Well, to make any kind of curve from data points, if we want the curve to pass through those data points, one way would be to come up with a set of functions to multiply each data point by.

Each function must evaluate to 1 when the curve is at that control point, it should be zero when the curve is at any other control point. Between control points, the function can take any value, but if you make it continuous / smooth, the curve will be continuous and smooth, so that’s usually what is desired.

When we have those functions, to get a point on the curve we just multiply each control point by it’s corresponding function (called a basis function), and we sum up the results.

The pseudocode below is how this works and is the basic functionality of most common curve types:

// The basic way to evaluate most any type of curve
float PointOnCurve (float t, float *controlPoints, int numControlPoints)
{
float value = 0.0f;

for (int i = 0; i < numControlPoints; ++i)
value += controlPoints[i] * ControlPointFunction(i, t);

return value;
}

float ControlPointFunction (int i, float t)
{
// return the ith control point function evaluated at time t.
// aka return f(t) for the ith control point.
}


What makes Lagrange interpolation different than other curve types is the basis functions it uses.

## The Math

If you aren’t used to seeing a capital pi, or a laplacian style cursive l in equations, it’s about to get a bit mathy!

If you feel like skipping to the next section, I don’t blame you, but if you are feeling brave, you should try and follow along, because I’m going to slowly walk through each and every symbol to help explain what’s going on and why.

Let’s say that you are want to be able to interpolate between $k+1$ data points:

$(x_0, y_0)\ldots(x_k, y_k)$

The formula for calculating a Lagrange interpolated value is this:

$L(x) := \sum_{j=0}^{k} y_j \ell_j(x)$

The capital sigma ($\sum_{j=0}^{k}$) just means that we are going to loop a variable j from 0 to k (including k), and we are going to sum up the total of everything on the right for all values of j. When you see a capital sigma, think sum (note they both start with an s).

The next thing after the sigma is $y_j$. That is just the y value from our jth control point. That is essentially controlPoints[j].y.

After that comes the last part $\ell_j(x)$. That is just the function for the jth control point that we multiply the control point by (aka the basis function), evaluated for the specific value x.

Since there is no operator between this function and the control point, that means we multiply them together. So yeah… that crazy math just says “multiply each control point by it’s basis function, and sum up the results”, just like our pseudo code above does!

The second equation we need to look at is the definition of the basis functions for each control point.

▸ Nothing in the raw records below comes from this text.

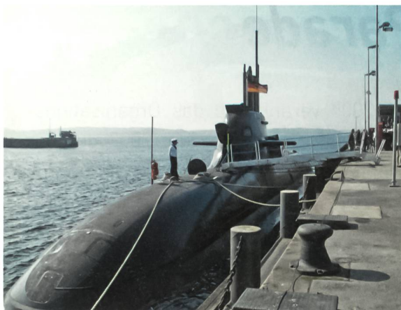
Der Kommandant von «U 32», Kapitänleutnant Tastl, überwacht nach einer Tauchfahrt das Anlegemanöver in Eckernförde.

eigene kleine Kammer, die Kombüse ist gerade mal etwa 2 m 2 gross, und vor Einsatzfahrten hängt überall im Boot an den Decken Proviant, gut verstaut in Netzen.
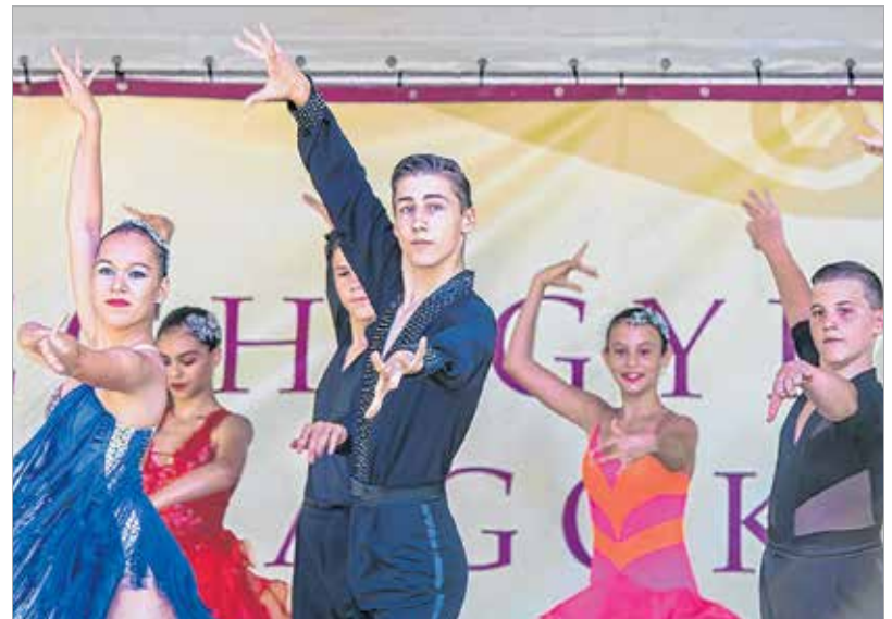
Lenyűgöző táncosok, vérpezsdítő ritmusok
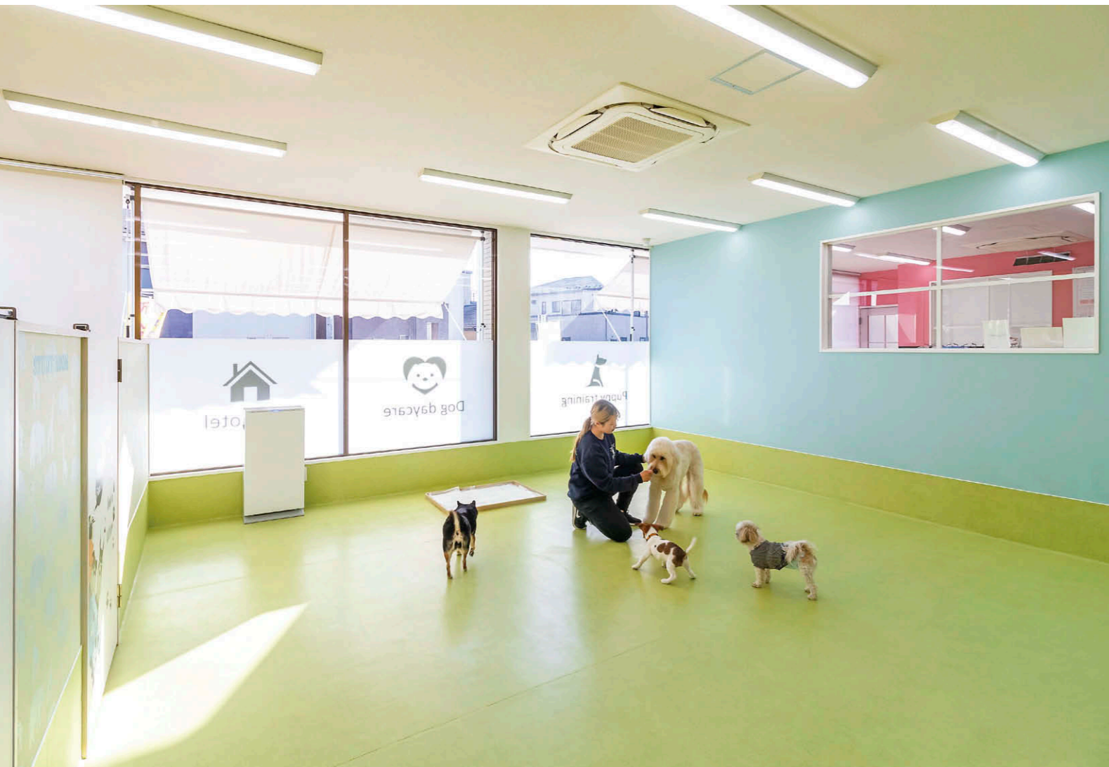
トレーニングルームに設置されたUVish据置タイプ200。

【物件概要】 所在地：埼玉県上尾市南90-1 構造規模：鉄骨造、平屋建 延床面積：150㎡ スタッフ数：7名 施主：ZUTTO DOG 導入：2023年11月
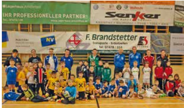
Alle Teilnehmer des U8 Turniers
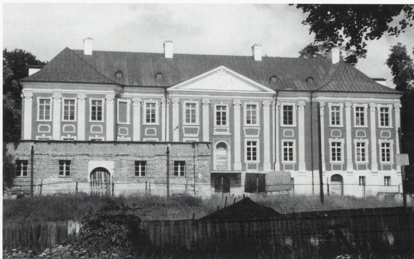
Wielka, pałac Sapiechów — fasada po konserwacji.
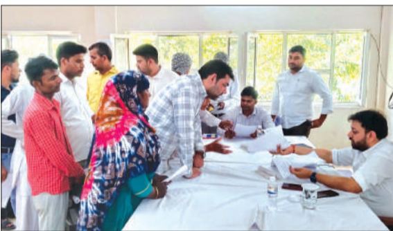
समाधान दिवस में शिकायतें सुनते अधिकारी।

हसनपुर। संपूर्ण समाधान दिवस में आए हुए फरियादियों की फरियाद उप जिलाधिकारी एवं पुलिस क्षेत्राधिकारी द्वारा सुनी गई। संपूर्ण समाधान दिवस में 27 शिकायतें दर्ज हुईं, जिसमें से तीन शिकायतों का मौके पर निस्तारण कर दिया गया तथा बाकी बची 24 शिकायतों को संबंधित विभाग के अधिकारियों को देकर जल्द निस्तारण करने के निर्देश दिए। शासन के निर्देश पर शनिवार को गांव कसनपुर माफी स्थित तहसील कार्यालय के सभागार में संपूर्ण समाधान दिवस का आयोजन किया गया। संपूर्ण समाधान दिवस में 27 उपाध्याय एवं पुलिस क्षेत्राधिकार पंकज त्यागी द्वारा
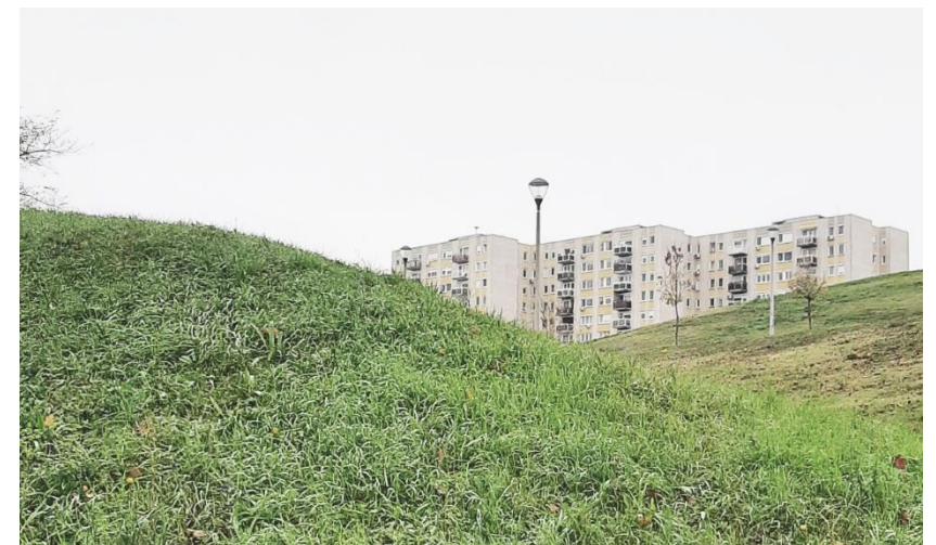
Csepeli panelházak a Darudomb mögött.
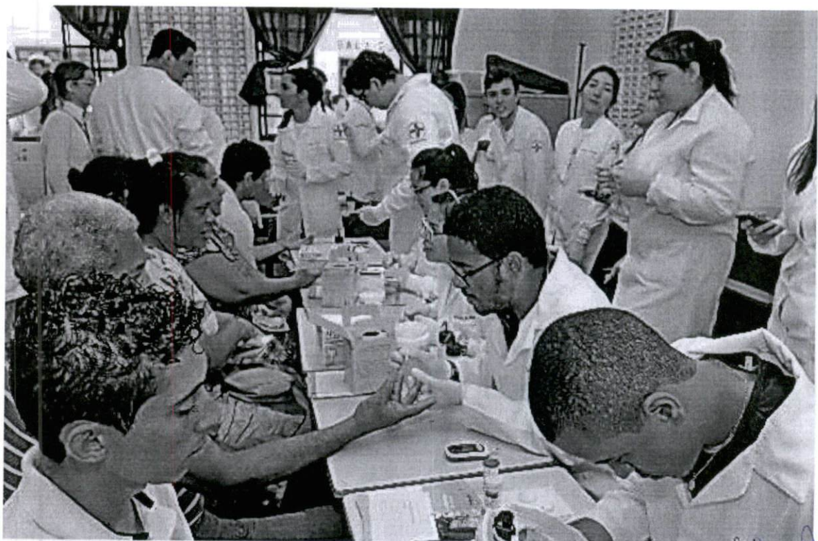
Mutirão de Cidadania – Cidade Estrutural/DF – Exames de medição de glicose

Handwritten signature in blue ink, possibly reading 'C. J. J. J. J.' or similar.
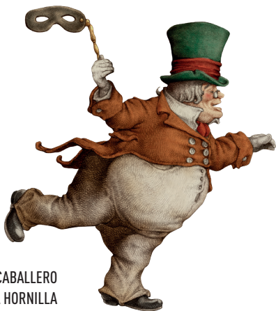
CABALLERO DE LA HORNILLA

Enseña al Caballero de la Hornilla cómo puede llegar hasta su bastón.
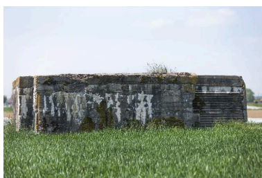
Elévation nord-est IVR31_20145905460NUCA
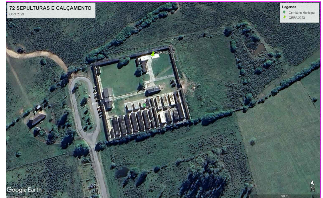
PLANTA LOCALIZAÇÃO - Cemitério Municipal de Jaguarão/RS S/ Escala
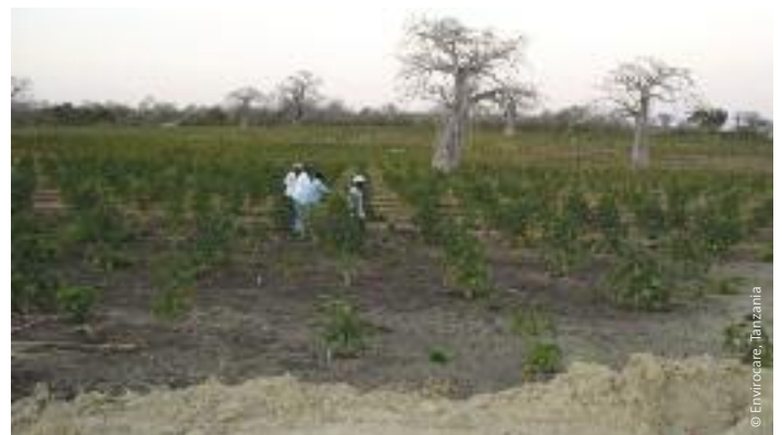
Campo de jatrofa Bioshape en Kilwa, Tanzania.

Un factor clave todavía más importante es la tierra fértil con suministros de agua disponibles. Aunque se dice que los cultivos de agrocombustible como la jatrofa y el sorgo dulce crecen bien en tierras marginales, muchos de los acaparamientos de tierra para cultivos de agrocombustibles ocupan tierras que se habían utilizado para agricultura con anterioridad.
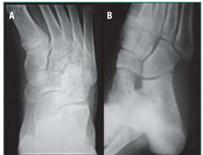
Figura 3. Radiografía anteroposterior (A) y oblicua (B) de pie tras la retirada de yeso a las 6 semanas. Se observa la congruencia articular entre calcáneo y cuboides.

El diagnóstico de certeza se obtiene con el estudio radiológico antero-posterior, lateral y oblicuo del pie afecto. En caso de duda, se deben realizar radiografías comparativas del pie contralateral (12) . A veces es necesario realizar la TAC con cortes longitudinales y coronales para valorar la extensión y la inestabilidad de la lesión, pudiéndonos dar el diagnóstico al pasar inadvertida la fractura en el estudio radiográfico (1) .

Here is the formula that describes the jth basis function, for the jth control point:

$\ell_j(x) := \prod_{\begin{smallmatrix}0\le m\le k\\ m\neq j\end{smallmatrix}} \frac{x-x_m}{x_j-x_m}$

First is the capital pi $\prod_{\begin{smallmatrix}0\le m\le k\\ m\neq j\end{smallmatrix}}$. This means that we are going to do a loop, but instead of adding the results of the loop, we are going to multiply them together. Where a capital sigma means sum, capital pi means product.

The notation for product is a bit different here than in the sigma though which may be a bit tricky to read at first. Instead of explicitly saying that $m$ should go from 0 to $k$, the notation $latex 0\le m\le k\\$ says that implicitly. That same notation can be used with sigma, or the more explicit style notation could be used with pi.

The pi also has this notation next to it $m\neq j$. That means that the case where $m$ equals $j$ should be skipped.

Finally, on to the second part: $\frac{x-x_m}{x_j-x_m}$. This part is pretty easy to read. $x$ is the parameter to the function of course, $x_m$ is just controlPoints[m].x where $m$ is the index variable of our product loop ($\prod$), and $x_j$ is just controlPoints[j].x where $j$ is the index variable of our summation loop ($\sum$).

Let’s say that $k$ was 2 because we had 3 data pairs. Our three basis functions would be:

$\ell_0(x) := \frac{x-x_1}{x_0-x_1} * \frac{x-x_2}{x_0-x_2}$
$\ell_1(x) := \frac{x-x_0}{x_1-x_0} * \frac{x-x_2}{x_1-x_2}$
$\ell_2(x) := \frac{x-x_0}{x_2-x_0} * \frac{x-x_1}{x_2-x_1}$

Which means that our final Lagrange interpolation function would be:

$L(x) := y_0 * \frac{x-x_1}{x_0-x_1} * \frac{x-x_2}{x_0-x_2} + y_1 * \frac{x-x_0}{x_1-x_0} * \frac{x-x_2}{x_1-x_2} + y_2 * \frac{x-x_0}{x_2-x_0} * \frac{x-x_1}{x_2-x_1}$

That is quite a mouth full, but hopefully you understand how we came up with that!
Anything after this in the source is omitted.